# The Contractor, Wesley Snipes - filmed in Cardiff ch5 on NOW Weds 21 jan 09



## ddraig (Jan 21, 2009)

The Contractor, Wesley Snipes - filmed in Cardiff ch5 on NOW 21 jan 09

saw a bit of this being filmed! 
in Splott and Churchil way!
http://www.imdb.com/title/tt0770806/

just started!
he's doing a spy thing on City Hall


----------



## ddraig (Jan 21, 2009)

rest of it seems shhhite tbh and not much Cardiff!


----------



## Col_Buendia (Jan 22, 2009)

They were out putting TV/film lights outside Clifton St police station again a couple of days ago.

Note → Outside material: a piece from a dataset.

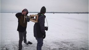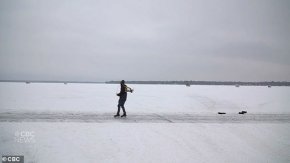 С пристегнатото към гърба му устройство като раница, Гибсън може да се придвижва през заледената река Отава със скорост до 40 км/ч.

I know they filmed part of Torchwood or Dr Who there a few years ago... I wonder was it them again?


----------



## jwcooke (May 18, 2009)

Meh...not a big Wesley Snipes fan.  He's not a terrible actor, he just never seems to be in any movies I REALLY like...I'm not sure if it's him or the genre.  Speaking of which, I need to go see Angels and Demons.  I thought the book was great, but I heard the movie's a bit slow.  I usually like the less expensive, smaller budget films, but I'm down for anything Tom Hanks is in...especially the beach movie...didn't they film that overseas?


----------